Sağlık çalışanlarının süreçteki durumlarına ilişkin değerlendirme yapan Altok, şu ifadeleri kaydetti: “Sağlık çalışanlarının daha fazla risk altında olması nedeniyle, toplumun diğer kesiminin bu kişilerle temas kurmakta kaygı duyması anlayışla karşılanabilir.

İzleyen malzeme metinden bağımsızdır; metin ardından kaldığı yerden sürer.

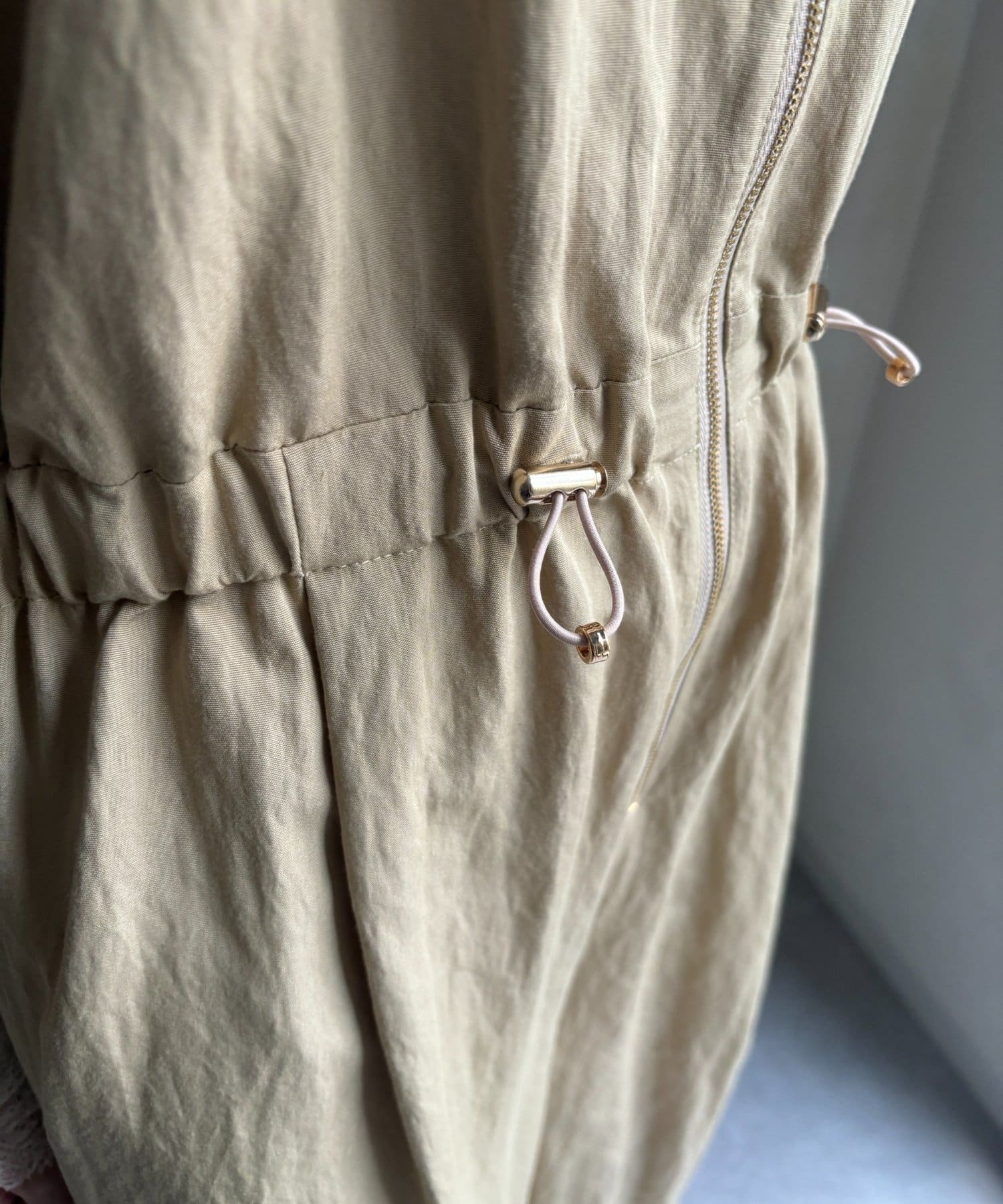 シンプルなデザインに、フロントジップとウエストのさりげないディテールが映え、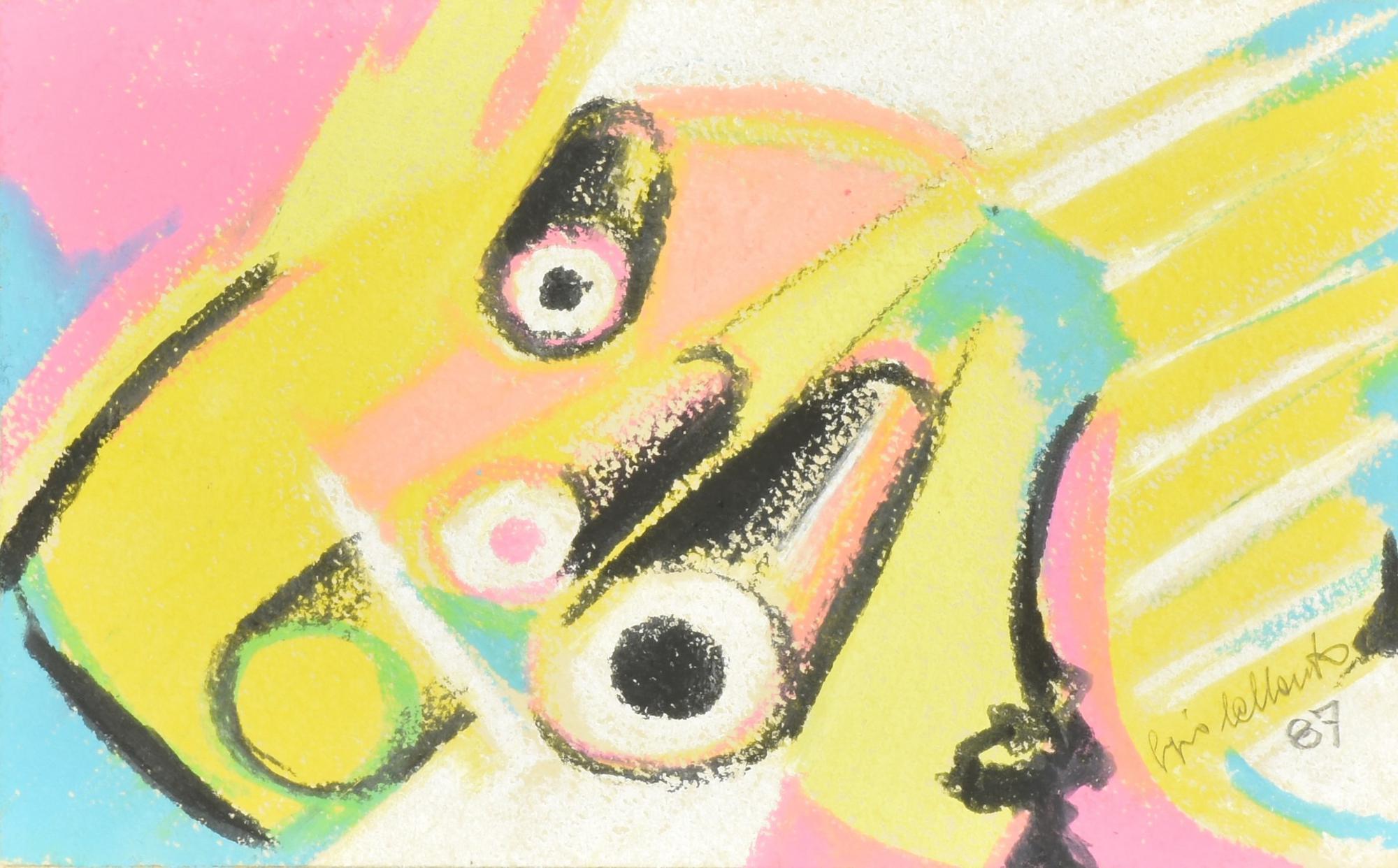 Ignoto COMPOSIZIONE ASTRATTA pastelli a cera su tavola applicata a...
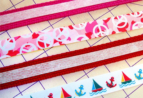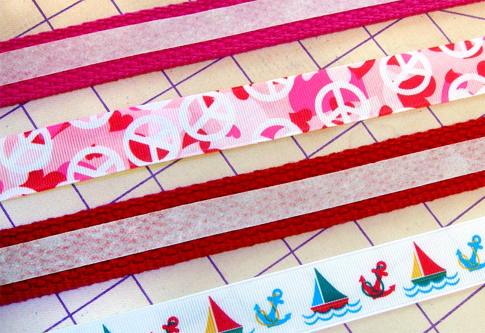 - 1 yard of 1″ colored cotton webbing: ours came from ours came from jcaroline creative!, we chose red and fuchsia

Ancak unutulmaması gereken nokta şudur ki, bu hastalık sürecinin bir an önce atlatılmasını isteyen, bu konuda en fazla emek sarf eden ve fedakarlık yapan grubun başında sağlık çalışanları gelmektedir. Sağlık çalışanları yoğun stres altında çalışıyorlar, hassas bir dönemden geçiyorlar ve kolay incinebilir durumdalar. Bazı ülkelerde Covid-19 pandemisi nedeniyle yaşanan kriz ve kaos ortamı, sağlık çalışanlarının sağlık hizmeti sunumunda yetersizliğe ve çalışanlarda tükenmişliğe neden olmuştur. Covid-19 pandemisi nedeniyle artan sağlık çalışanı ihtiyacını karşılayabilmek için, Amerika Birleşik Devletleri’nde bir çok tıp fakültesi son sınıf öğrencilerini erken mezun etme kararı alarak, yeni mezun doktorların pandemi hastanelerinde hizmet verebilmesi için planlamalar yapmaktadır. Sağlık çalışanlarının sağlıklı ve güvende olmasının, toplumun bütününün uzun vadedeki refahı ve güvenliği açısından oldukça önemli olduğu unutulmamalıdır”
Sağlık Bakanlığı tarafından yapılan önerilere dikkat çeken Altok, “Hastalıkla mücadelenin başarılı olması için Bilim Kurulu görüşleri doğrultusunda Sağlık Bakanlığının dikkatli ve sistemli şekilde yürüttüğü stratejiyi, toplumun yaygın olarak benimsemesi, önerilere ve kurallara uyması gerekiyor. İnsanlar, izolasyon kurallarına ve yeterli sosyal mesafeye uyduğu sürece sürecin daha kolay ve daha kısa zamanda atlatılması mümkün olabilir. Yetkililer düzenli olarak ve aşamalı ilerleme kaydediyor, ancak krizin daha yoğun olduğu yerleşkelerde daha da hızlı davranmak gerekebilir. Ayrıca, yaşı kaç olursa olsun Covid-19 açısından altta yatan söz konusu riskli hastalığı olan bireylerin ciddi bir mecburiyet olmadıkça evden çıkmaması, izolasyon ve hijyen açısından önerilen tedbirlere tümüyle uyması gereklidir” dedi.